Его было слышно без микрофона. Незнайка завывал в ночной горшок из дворца царя Гороха. Голос коротышки разносился из ночной посудины, словно из подземелья.

Глава 9. Справедливость в опасности.

Среди сторонников Петрушки тоже поднялся ропот. Иванушка-дурачок трезвонил беспрестанно в трамвайный звонок. Лишь депутат Пачкуля терпеливо ждал своего часа. Судя по всему, он близился. Отмытая рука Пачкули скрывалась под черной перчаткой. Ее ослепительная белизна должна была оставить ярчайший след в темной истории Страны Дураков. Одним ее взмахом Пачкуля отметал свое запятнанное прошлое, на которое так напирали его противники по выборам, и обретал новое имя с новой судьбой. Когда он станет Чистюлей и жертвой клеветников, никто не посмеет ему напомнить, что слово "кандидат" в переводе означает "незапятнанный". И он навсегда одурачит всех избирателей. И этим будет обязан вождю всех времен и народов гениальному товарищу Бармалею. И никому больше...

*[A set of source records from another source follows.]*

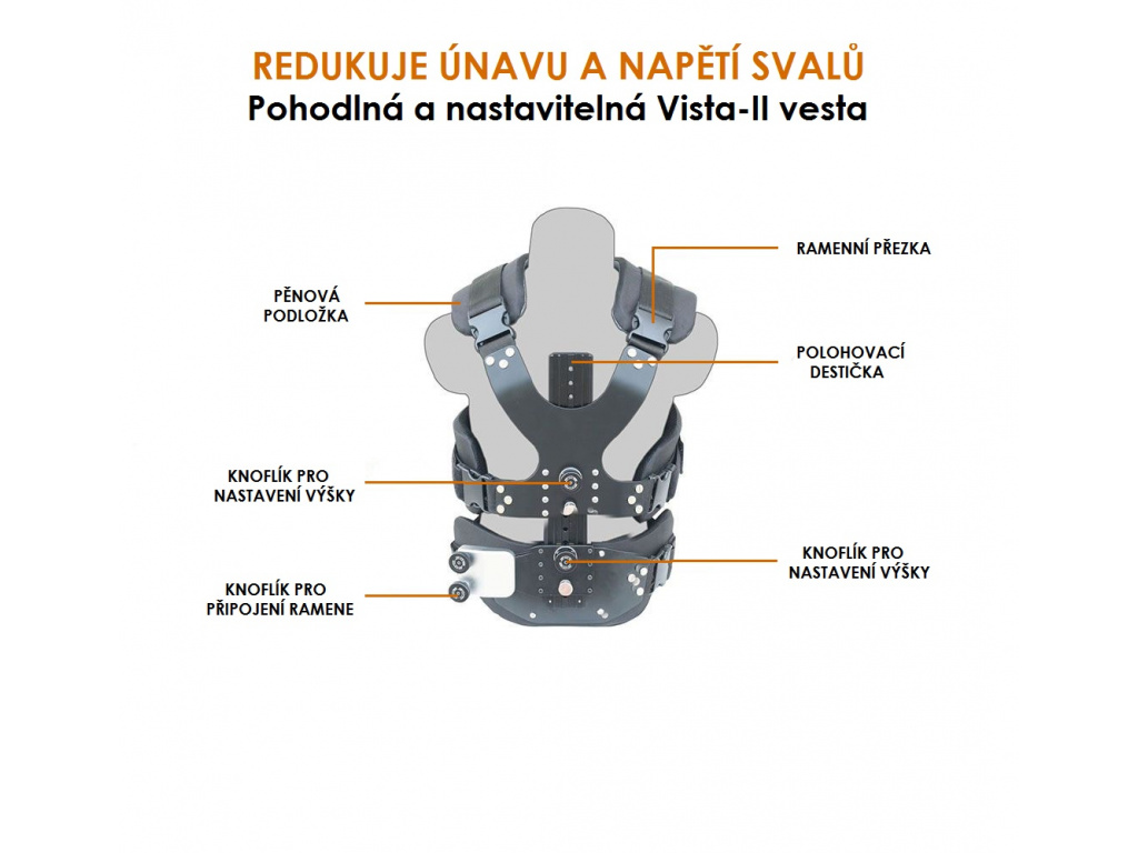 Kamizelka Vista II jest przystosowana do szerokiej gamy użytkowników. Wysokiej jakości piankowe podkładki gwarantują komfort nawet podczas długotrwałego filmowania. Wysokiej jakości klamry i precyzyjne połączenia gwarantują całkowite bezpieczeństwo. Łatwo dopasowuje się do niemal każdej sylwetki dzięki regulowanej płytce piersiowej. Założenie i ustawienie nowego systemu stabilizacji zajmuje tylko kilka minut.
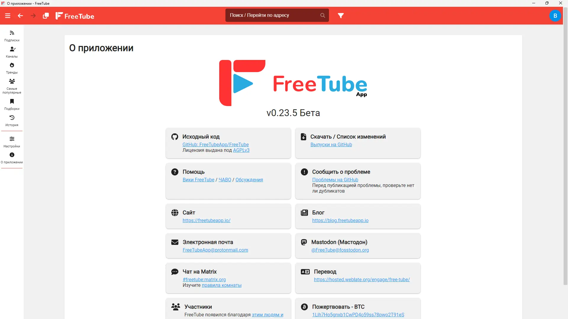 FreeTube является настольным плеером YouTube с открытым исходным кодом, разработанным с учетом защиты конфиденциальности пользователя. Он позволяет смотреть YouTube без рекламы, полностью исключая отслеживание ваших действий Google через файлы cookie и jаvascript. Программа использует собственный HTTP-API и видео воспроизводится с помощью стандартного HTML5 видеоплеера. Ваши подписки, история просмотров и сохраненные видео хранится локально на компьютере, что обеспечивает полный контроль над личными данными. Благодаря расширенным настройкам интерфейса и поддержке работы через прокси, FreeTube предоставляет удобство использования и гарантирует безопасность вашей приватности.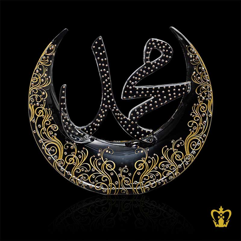 Handcrafted-Moon-Cutout-With-Muhammad-Golden-Arabic-Word-Calligraphy-Crystal-Diamonds-Decorative-Islamic-Religious-Ramadan-Eid-Gifts Product Product
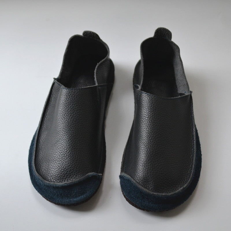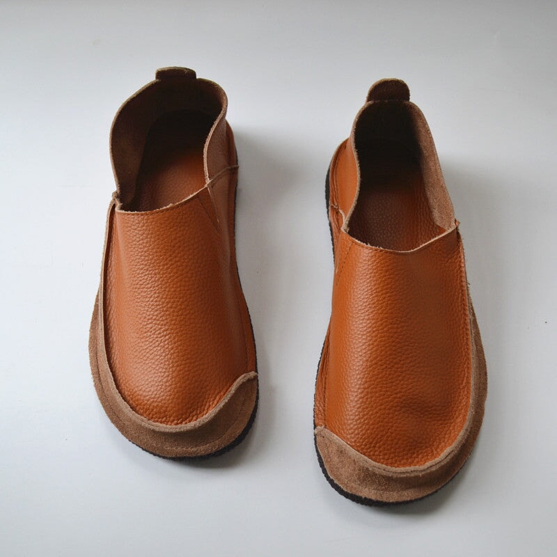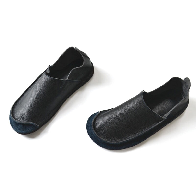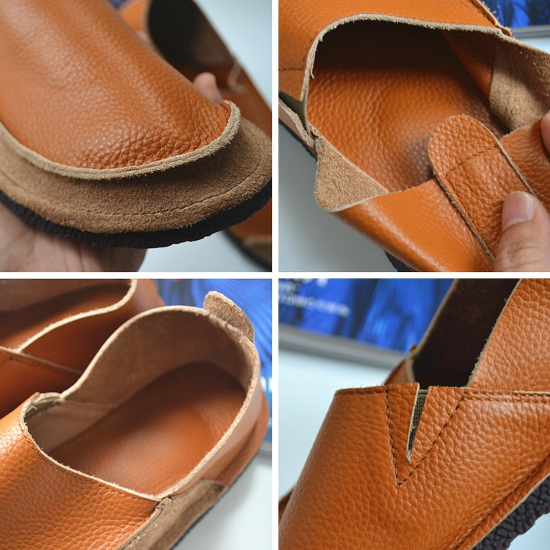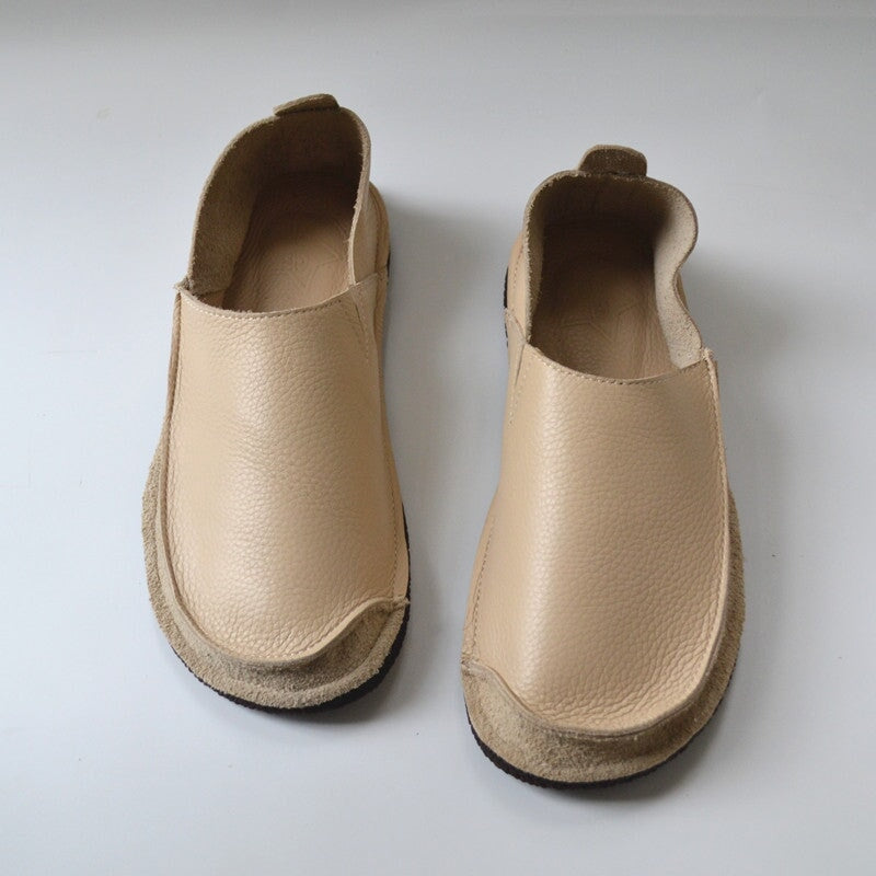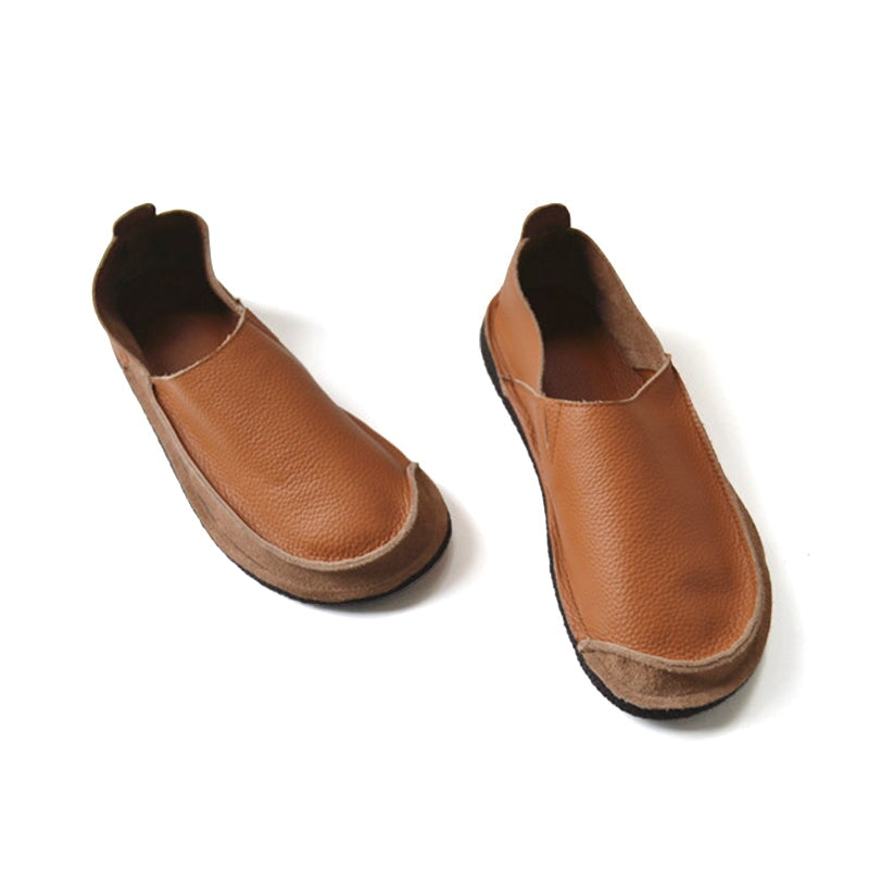 Women’s Soft Slip-On Barefoot Loafers Full-Grain Leather Flat Casual Shoes in Brown/Beige/Dark Blue

А если по правде, то немножечко и себе. Самую малость! Не полагаясь на случай и острое зрение депутатов, кое-что Пачкуля предпринял на свой собственный страх и риск. После помывки, завитой и надушенный, он явился прямиком к крашеному Лису Миките. Тот всегда держал нос по ветру и первым узнавал, в какое время и в какой цвет необходимо перекраситься. Раньше пламенно красный, Лис Микита какое-то время ходил барвинково-голубым, а теперь прибавил к этому цвету еще и желтый. "Защитная окраска! порекомендовал он. - Но все зависит, в каком регионе вы собираетесь спасать свою шкуру". Он продемонстрировал запасы и других ходовых красителей. Но Пачкуля проследовал к бочке со светящейся бело-зеленоватой краской и окунул в нее по локоть обе руки. На тот случай, если с другой до голосования что-то случится. То-то будут светиться! Даже слепые кроты увидят!

Вокруг кипели страсти. Но Пачкуля был спокоен. Он был уверен в успехе. Потому что если даже враги оторвут ему одну руку, он все равно проголосует другой. Тоже предусмотрительно замаскированной черной перчаткой.

Пачкуля чувствовал, что становится опытным, предусмотрительным политиком. Лиса Микиту, который знал о его проделке, он решил после своего торжества расстрелять и пустить на мыло. А его шкуру подарить гражданке Шапокляк. И одним выстрелом убить двух зайцев. Опасного свидетеля убрать. А свою покровительницу - ублажить.

Занятый хозяйственными мыслями, депутат Пачкуля других почти не слушал. Поначалу выступил Ходжа Насреддин - депутат от краев, где соловей вечно поет о своей любви к прекрасной розе. Скучно! Но глубокочтимый Ходжа рассказывал притчу. О том, как представители двух народов, большого и малого, нашли кусок золота. "Разделим его по-братски!" - сказал будто бы представитель большого народа. "Нет, лучше по-честному", - будто бы ответил представитель малого. Депутат уверял, что с этой притчей ему наказывали выступить избиратели. "Мои края богаты черным золотом - нефтью и белым золотом - хлопком, - сказал депутат Насреддин. - Почему же тогда мы нищие?!" Для особо непонятливых он объяснил, что многие о нынешнем братстве именно такого мнения. И просил решать вопрос о судьбах народов, начиная с закона о родных языках как государственных, не по-братски, а по-честному. Как и положено в сказках.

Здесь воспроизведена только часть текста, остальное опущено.